Ангальт-Цербстские принцессы не рассчитывали получить благословение Христиана Августа. Им пришлось даже не то чтобы обмануть штеттинского коменданта — опять-таки умолчать о происходящем. В письме 5 июля София сообщала отцу, что императрица неожиданно назначила день обращения, так что никак невозможно было предупредить его заранее. Теперь же дело совершилось.

Что испытал «человек прямого и здравого смысла», прочитав эти строки? Можно было выразить неудовольствие, даже поднять скандал, но не исправить ситуацию. Девочка побоялась написать, что ей переменили имя. Она подала дело иначе: императрица благоволила к уже имеющимся именам прибавить имя своей матери. Получалось Екатерина София Августа Фредерика. Но уже следующее письмо Фикхен подписала «Екатерина, Великая Княгиня», и в нем закрепила выгодную трактовку событий: «Вследствие данного мне Вами отеческого благословения, я приняла восточную веру»[69].

«Говорят, я прочла свое исповедание веры, как нельзя лучше, — вспоминала императрица, — говорила громко и внятно и произносила хорошо и правильно; после того, как это было кончено, я видела, что многие из присутствующих заливались слезами и в их числе была императрица; что меня касается, я стойко выдержала, и меня за это похвалили»[70]. Мардефельд донес в Берлин, что принцесса «держалась, как настоящая героиня»[71].

В тот момент для девушки это было просто трудное испытание.

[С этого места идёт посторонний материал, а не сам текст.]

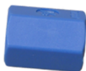
COPLAS HI 1/4" - 1/8"
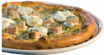
119. Pizza Alaska mit Lachs, Crème fraîche und Dill-Spitzen
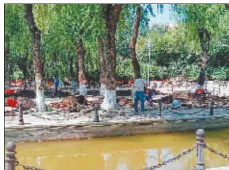
今年,哈市又完成了5座公园外围栏拆除工作。

市城管局相关负责人表示,下一步将组织园林部门进一步强化全市开放式公园的日常管理,保证公园安全有序运行,为广大市民提供整洁优美的休闲环境。
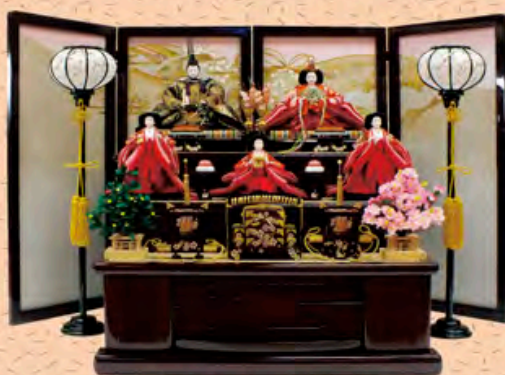
間口160cm×奥行105cm×高さ105cm 価格 295,000円
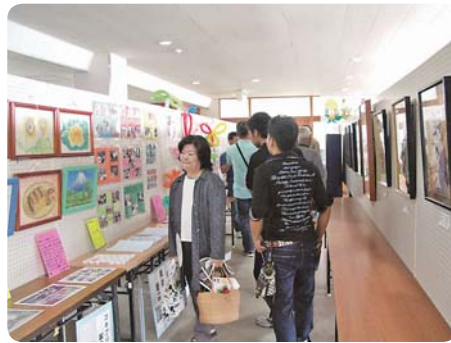
ロビーに展示された各種団体の作品
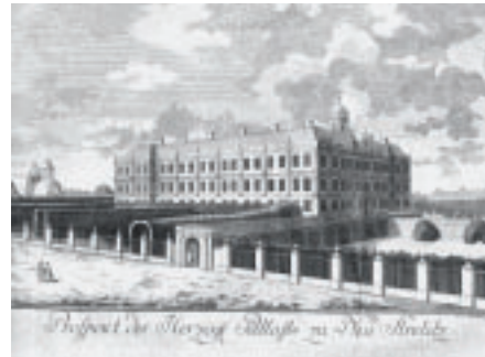
Geadelt: Die Herzöge von Mecklenburg-Strelitz kauften und präsentierten einen Großteil der Figuren.

Regionalmuseum Neubrandenburg zeigt spektakuläre Fälschungen aus dem 18. Jahrhundert
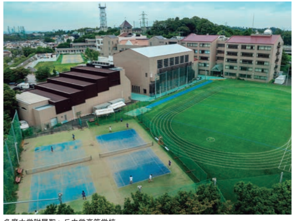
多摩大学附属聖ヶ丘中学高等学校

中学校では、英語・数学・国語を中心に基礎学力の定着を図るとともに、理科では充実した実験設備を活用した実験を多く行い、社会では社会科学として実際に校外へ出かけるなど、生徒の興味・関心を育てる学習を展開しています。本物に触れる体験を重視した教育を通して、学ぶ意欲と確かな理解を養います。こうした学びを土台として、高校では高校1・2年次を中心に探究活動に取り組み、多摩市と連携したゼミ形式の学習を通して、地域の課題に向き合い、考え、発信する力を育て、大学での学びへとつなげています。
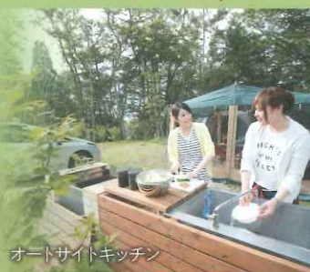
オートサイトキッチン

チェックイン/アウト 両サイトとも ●チェックイン13:00 ●チェックアウト11:00
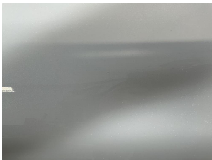
1.2 Noe steinsprut
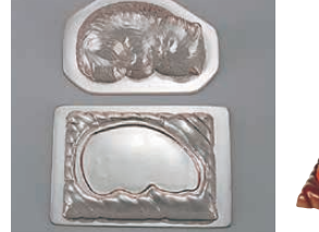
⑪ チョコレートモルド ネコ EU-698 〈WTY-76〉 1-1071-1101 ¥25,000 170×130×H70

Лишь с годами Екатерина начала задумываться о мистическом значении своего выбора. В записке «О предзнаменованиях» она пометила: «В 1744 году 28 июня… я приняла Грекороссийский Православный закон. В 1762 году 28 июня… я приняла всероссийский престол… В сей день… начинается Апостол словами: „Вручаю вам сестру мою Фиву, сущую служительницу“».

«Сердце из воска»

На следующее утро великую княгиню обручили с суженым. 29 июня — день тезоименитства Петра Федоровича — стало для будущего императора роковым. Если восемнадцать лет спустя Екатерина обрела корону как подарок на годовщину перехода в православие, то Петр III потерял власть на собственные именины. Нельзя не усмотреть в этом усмешку судьбы.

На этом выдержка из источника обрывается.